8 - L'autorité de recours dispose d'un plein pouvoir d'examen s'agissant de la violation du droit (Spühler, Basler Kommentar, Schweizerische Zivilprozessordnung, Bâle 2010, n. 12 ad art. 319 CPC, p. 1504). Elle revoit librement les questions de droit soulevées par le recourant et peut substituer ses propres motifs à ceux de l'autorité précédente ou du recourant (Hohl, Procédure civile, tome II, 2ème éd., 2010, n. 2508, p. 452). S'agissant de la constatation manifestement inexacte des faits, ce grief, comme pour l'art. 97 al. 1 LTF (loi sur le Tribunal fédéral du 17 juin 2005, RS 173.110), ne permet que de corriger une erreur évidente, la notion se recoupant en définitive avec l'appréciation arbitraire des preuves (Corboz et alii, Commentaire de la LTF, Berne 2009, n. 19 ad art. 97, p. 941). Les constatations de fait et l'appréciation des preuves sont arbitraires lorsqu'elles sont évidemment fausses, contredisent d'une manière choquante le sentiment de la justice et de l'équité, reposent sur une inadvertance manifeste ou un abus du pouvoir d'appréciation, par exemple si l'autorité s'est laissée guider par des considérations aberrantes ou a refusé de tenir compte de faits ou de preuves manifestement décisifs.
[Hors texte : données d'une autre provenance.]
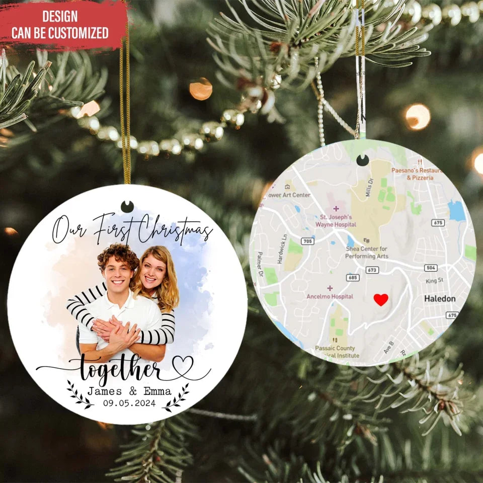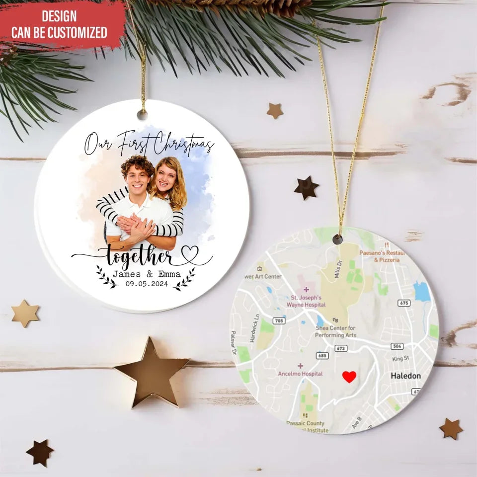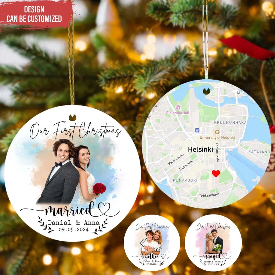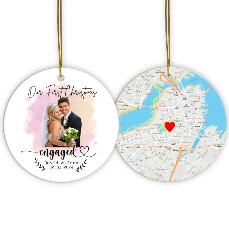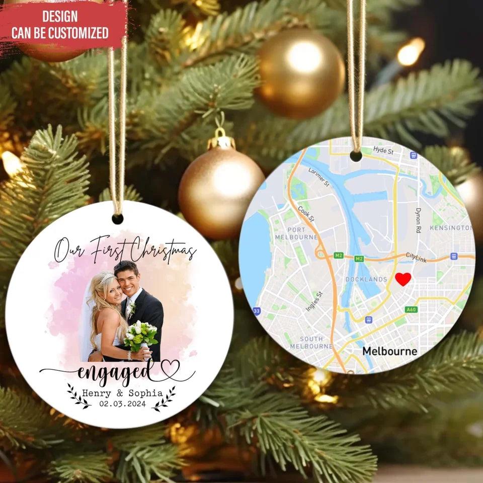 Location Engaged Couple - Personalized Ceramic Ornament, Newly Married Couple For Christmas - ORN388AN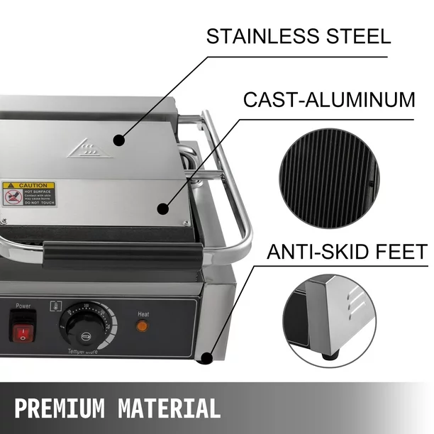 Gas Commercial Sandwich Griller Machine Single Head 14 Inch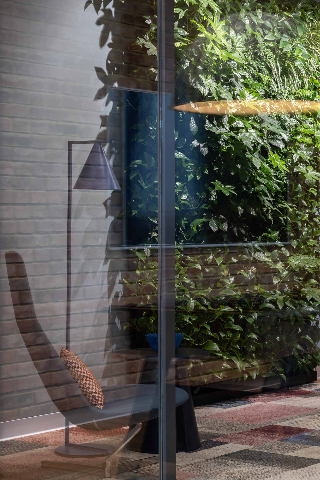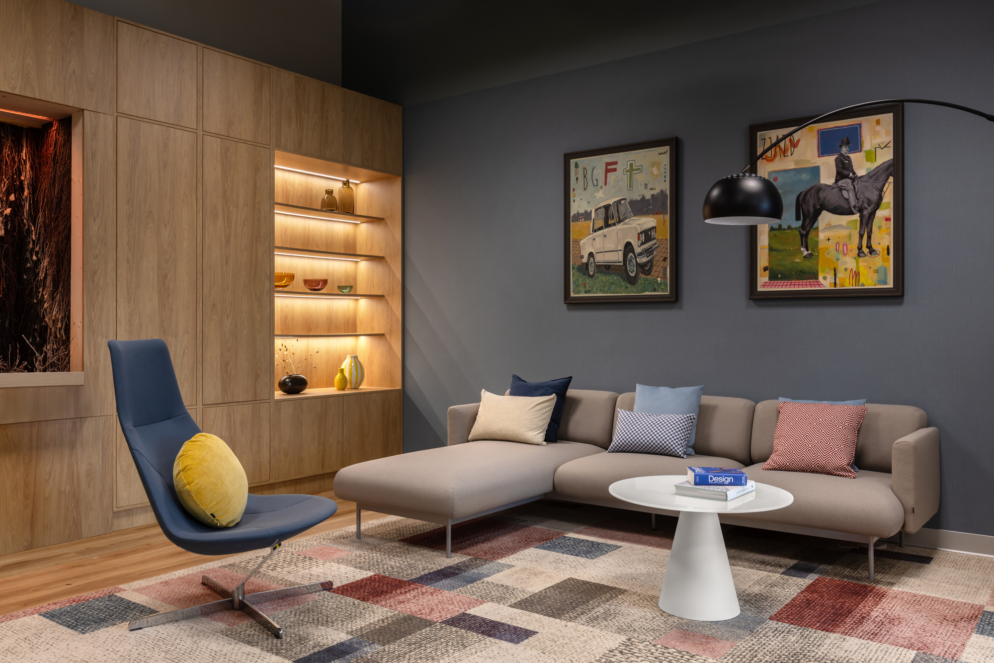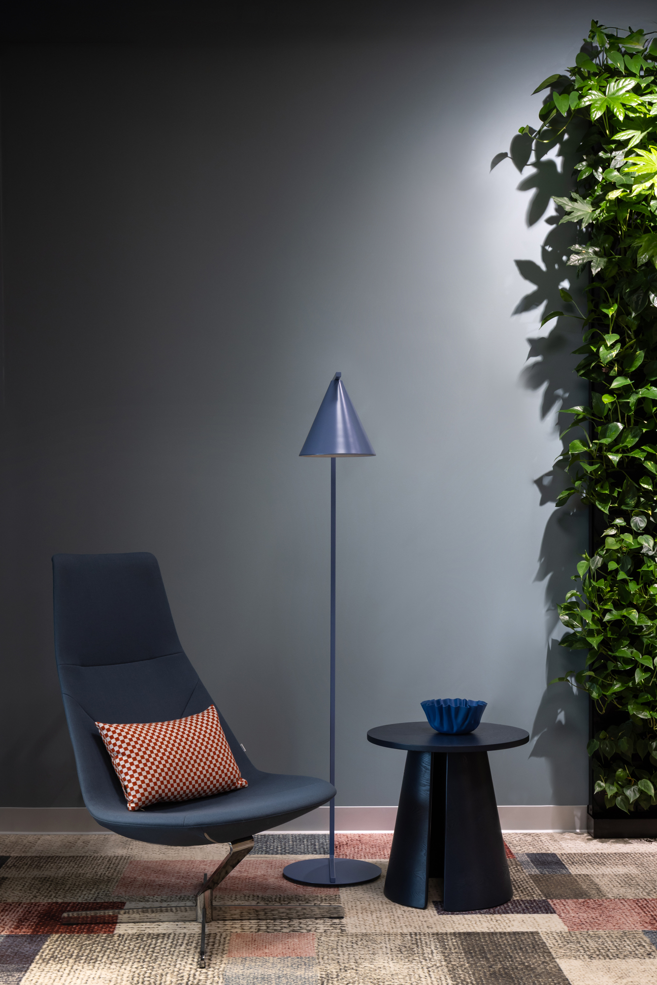 Przestrzeń zaprojektowano w sposób elastyczny – może służyć zarówno indywidualnemu odpoczynkowi, jak i spotkaniom większych grup. Dzięki wyraźnemu oddzieleniu od głównych powierzchni biurowych strefa relaksu zapewnia komfortowe warunki korzystania dla wszystkich pracowników, pozostając jednocześnie integralnym elementem całego kompleksu.

Une constatation de fait n'est donc pas arbitraire pour la seule raison que la version retenue par le juge ne coïncide pas avec celle du recourant; encore faut-il que l'appréciation des preuves soit manifestement insoutenable, en contradiction flagrante avec la situation effective, qu'elle repose sur une inadvertance manifeste, ou encore qu'elle heurte de façon grossière le sentiment de la justice et de l'équité (ATF 129 I 8 c. 2.1). 4.La recourante invoque une violation des art. 91, 92 et 98 CPC ainsi que de l'art. 20 TFJC. Elle soutient en premier lieu que la conclusion I de sa demande, tendant à l'invalidation des baux litigieux, ne serait que l'expression des conclusions II et III portant sur la libération de la garantie locative et le versement de dommages-intérêts, de sorte que la valeur litigieuse s'élèverait au total à 98'772 fr. 35 et non à 881'066 fr. 75 comme retenu par le premier juge.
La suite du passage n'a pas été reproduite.